Here are some samples drawn after 1000 rounds of Gibbs sampling on a model trained on GitHub repository names:

```
cyilagct-buarcs
DCG-arrales
mbd_ppp_scrip
Coursers-NHSI_SIC
OrilinguCoFLR
jeadio_rubs
My-tant4.jl
GetNeI
Kcsoolstorjs-Domo
jx-nitkmesu
```

Yikes!

Here are samples from the same model, with the same number of iterations, but annealing from T=1.5 to T=0.2:

```
cloud-pron-pyshin
learns_sample_app
simple-checking
vinital-config
openbone-backer
grunt-test
CSCI-2014
testRepose
iO-LibyAnalysis
Java-Android-Test
```

Wow! Quite the difference.

Where did 1.5 and 0.2 come from? Annealing schedules are kind of black magic here. I tried a lot of them, and different models liked different schedules. Here’s one example of average energy over time for a bunch of different annealing schedules:

Apologies for the messiness. It probably would have been a good idea to label the lines, because I definitely can’t remember the temperatures associated with each of those lines (but higher y-intercept -> higher starting temperature, steeper slope -> lower ending temperature). The important thing here is that **the blue line is with no annealing**. So pretty much any reasonable annealing schedule trounces vanilla Gibbs sampling, if your goal is to get lower energy samples.

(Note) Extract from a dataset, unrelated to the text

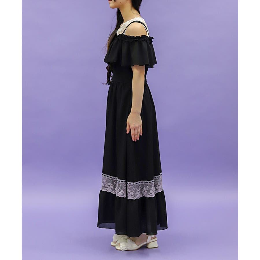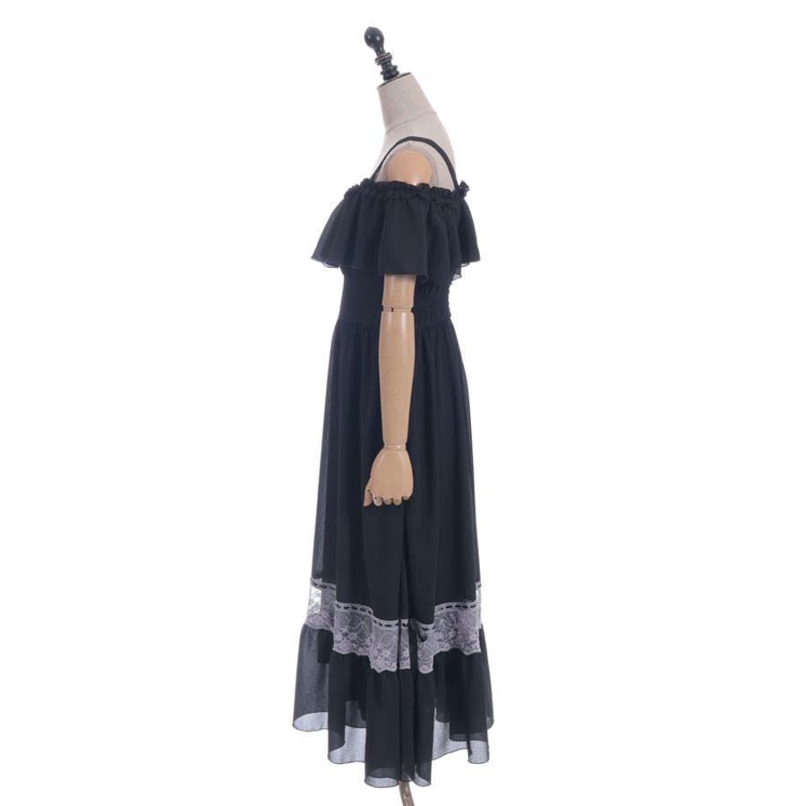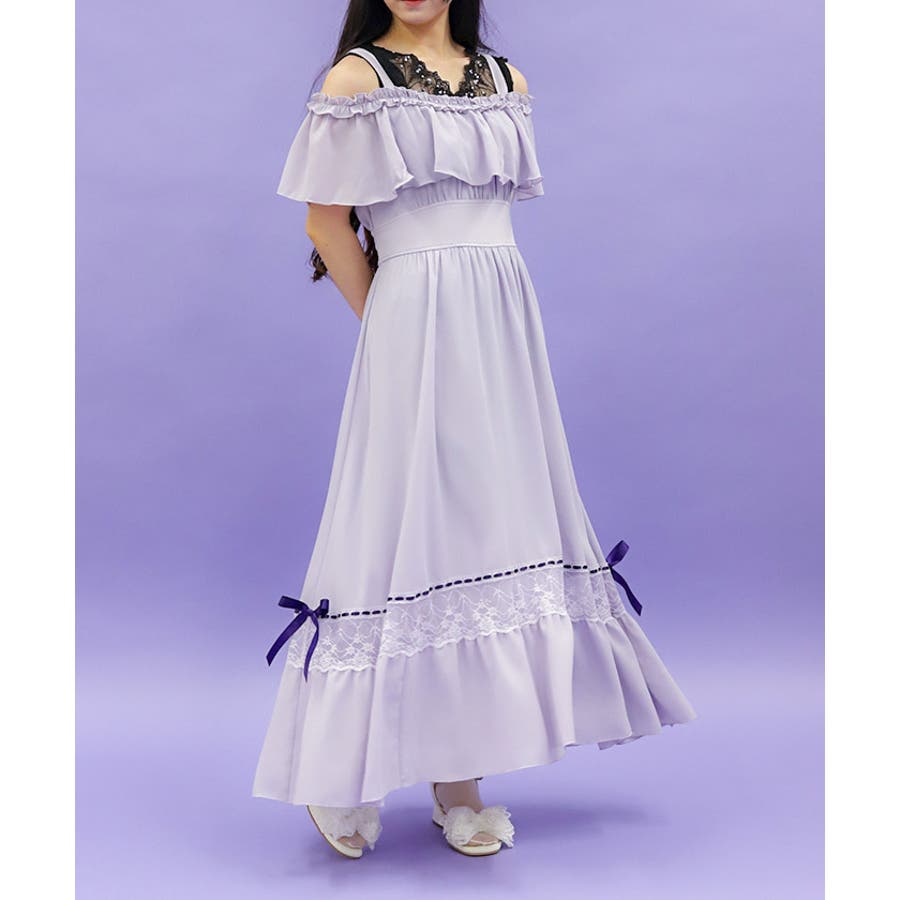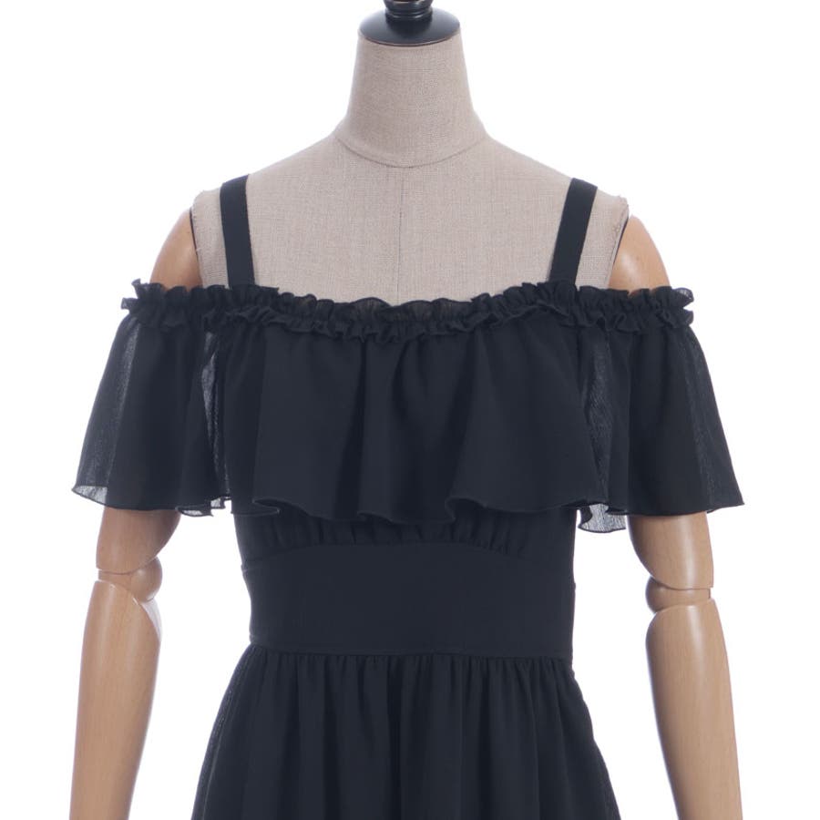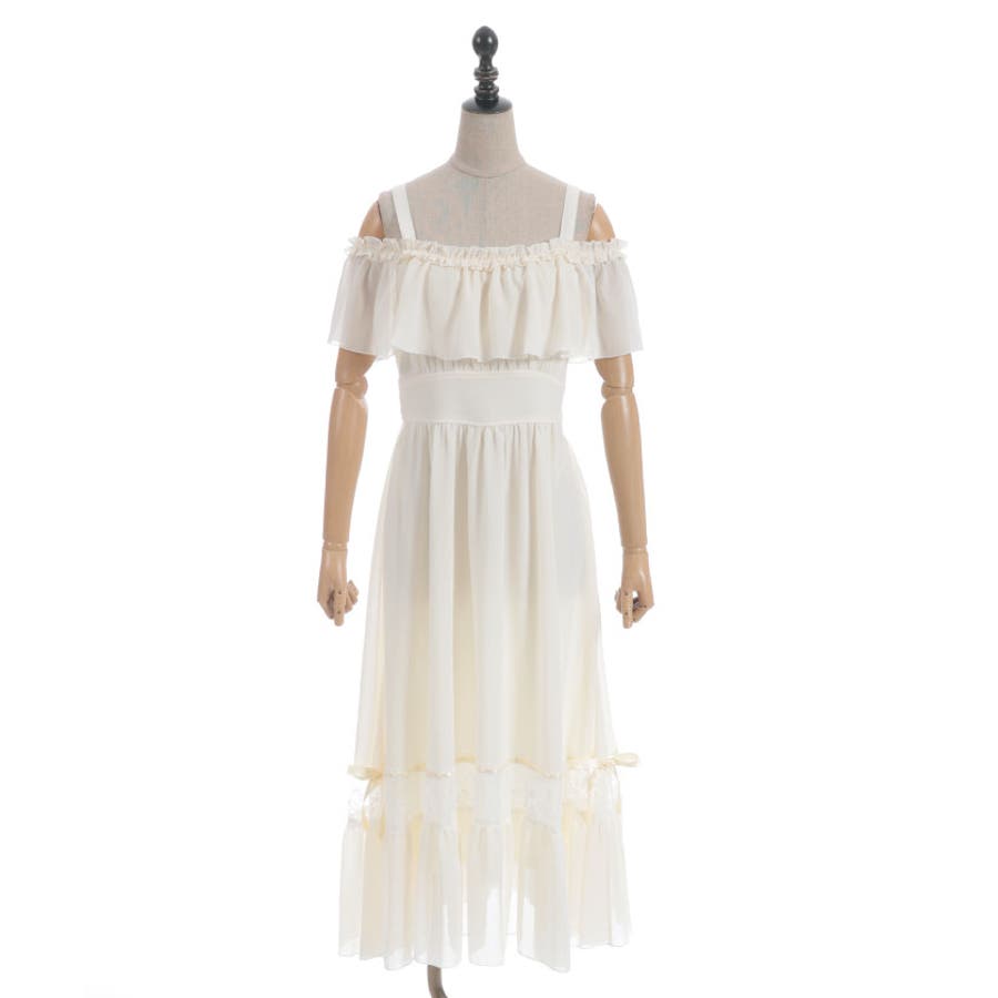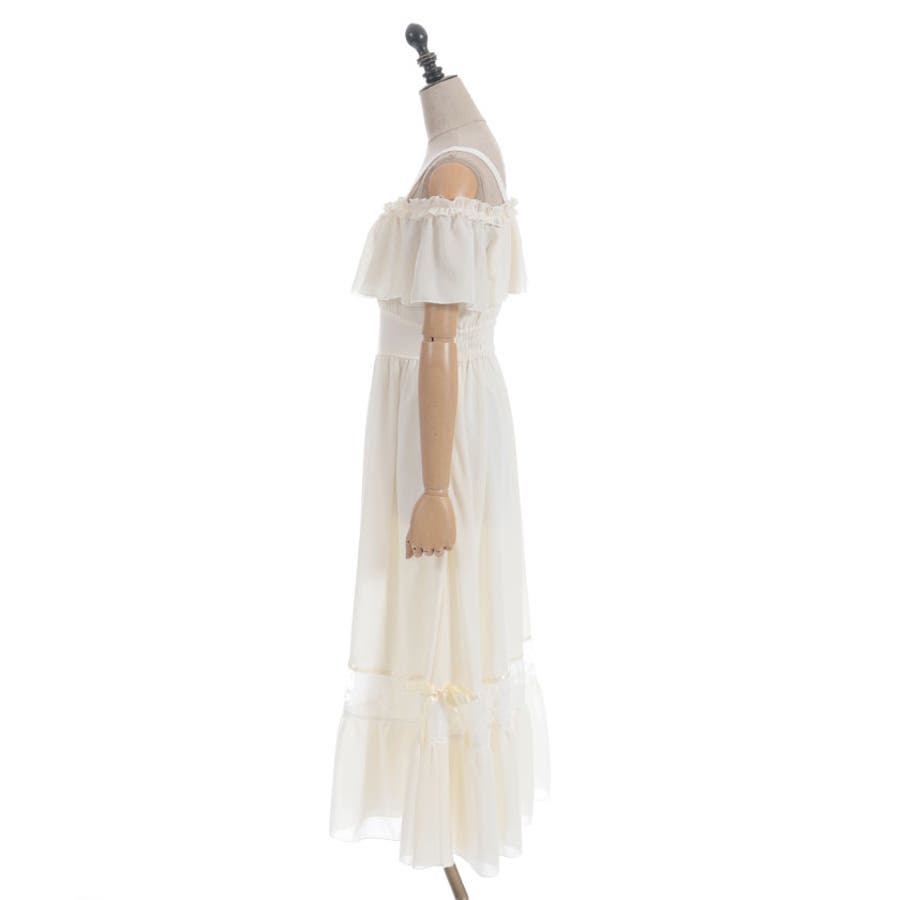 オフショルフリルロングワンピース

But getting low energy samples is probably not all you care about. Often a gentle annealing schedule will give the lowest average energy, but lead to very low sample diversity. For example, here are some samples taken over a gentle annealing period from a model trained on names:

```
aaron lee
mark lee
jan man
jess lee
adam lee
al man
jason lee
henry lee
leo mana
jason mane
```

At this point, we’ve probably sharpened the distribution too much. We probably want to cool a bit faster to before every particle has had a chance to fall into the valley of the Lees.

For reasons like this, I relied pretty much entirely on visual inspection of samples when choosing annealing schedules.